UNITED STATES DISTRICT COURT FOR THE DISTRICT OF ARIZONA
Jun 19, 2014
No. CV-14-00034-PHX-GMS (D. Ariz. Jun. 19, 2014)

Opinion

No. CV-14-00034-PHX-GMS

06-19-2014

Compass North Industries LLC, Plaintiff, v. David B. Taylor; Tiffini Taylor; Bravada Yacht Sales Incorporated; Unlimited Boat Sales Incorporated; Unlimited Houseboat Services Incorporated; Taylor Yachts Incorporated; Chad Orth; Coleen Orth, Defendants. Unlimited Boat Sales Incorporated, et al., Counterclaimants, v. Compass North Industries LLC, Steven James Goettl, Tracey Goettl, Counterdefendants.


ORDER

Pending before the Court is the Motion to Quash Subpoena Issued to Non-Party Thoroughbred Houseboats, (Doc 53), by the Taylor Defendants/Counterclaimants.

BACKGROUND

Defendant David Taylor and Counter Defendant James Goettl once intended to work together in the manufacture and sale of house boats under the name and trademark BRAVADA. Now, they and the companies and individuals with whom they are currently working are litigating various claims against each other based on the fallout from that relationship. These claims include alleged violations of the Lanham Act, misappropriation of trademarks and trade secrets, and breach of covenants and duties. (Docs. 39, 47, 48.)
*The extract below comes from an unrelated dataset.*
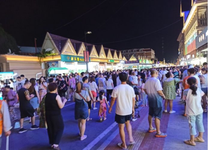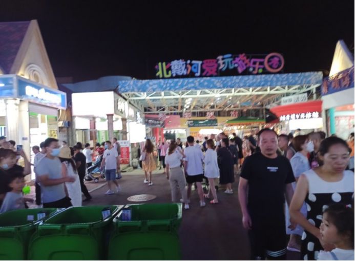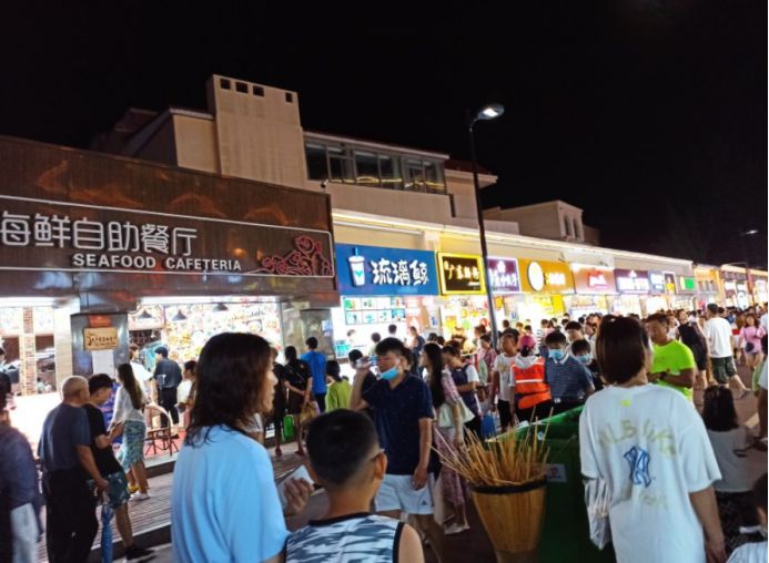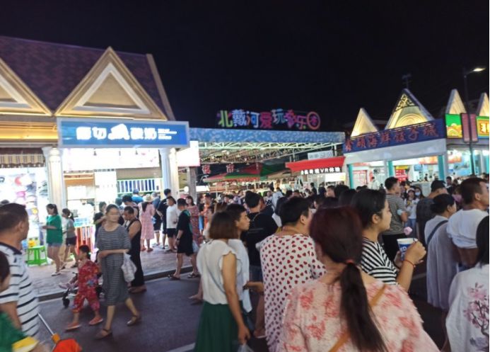 去过北戴河的人都说,来到北戴河旅游,一定不能错过这里的刘庄夜市,因为这里是北戴河的一处网红景点。明天就要返程了,所以准备去刘庄夜市逛逛,看孩子们买点东西,顺便买点东西带回去送人。来之前在网上就知道刘庄夜市很热闹,到了现场才知道到底有多热闹,真的是人山人海,几乎是人挨人人挤人。不得不说刘庄夜市真的很不错,道路两旁都是各种小吃店和海鲜干货以及礼品店,很多都是没有听说过的牌子。

The parties held a Rule 26(f) discovery conference on March 28, 2014. During that meeting, Plaintiff Compass North Industries, LLC ("CNI") informed Defendants that they intended to pursue discovery from non-party Thoroughbred Houseboats ("Thoroughbred"). In fact, CNI had already issued and served a subpoena on Thoroughbred the day before, on March 27.

Defendants filed a Motion to Quash Subpoena arguing that the subpoena was served prematurely and without notice. (Doc. 53.) Defendants further argue that it creates an undue burden, relates to trade secrets and proprietary business records, and a protective order has not yet been entered to cover such disclosure. (Id.)

DISCUSSION

I. Legal Standard

"Unless otherwise limited by court order, . . . [p]arties may obtain discovery regarding any nonprivileged matter that is relevant to any party's claim or defense . . . ." Fed. R. Civ. P. 26(b)(1). Generally, the purpose of discovery is to remove surprise from trial preparation so the parties can obtain evidence necessary to evaluate and resolve their dispute. Oakes v. Halvorsen Marine Ltd., 179 F.R.D. 281, 283 (C.D. Cal. 1998). Toward this end, Rule 26(b) is liberally interpreted to permit wide-ranging discovery of information even though the information may not be admissible at the trial. Jones v. Commander, Kansas Army Ammunitions Plant, 147 F.R.D. 248, 250 (D. Kan. 1993).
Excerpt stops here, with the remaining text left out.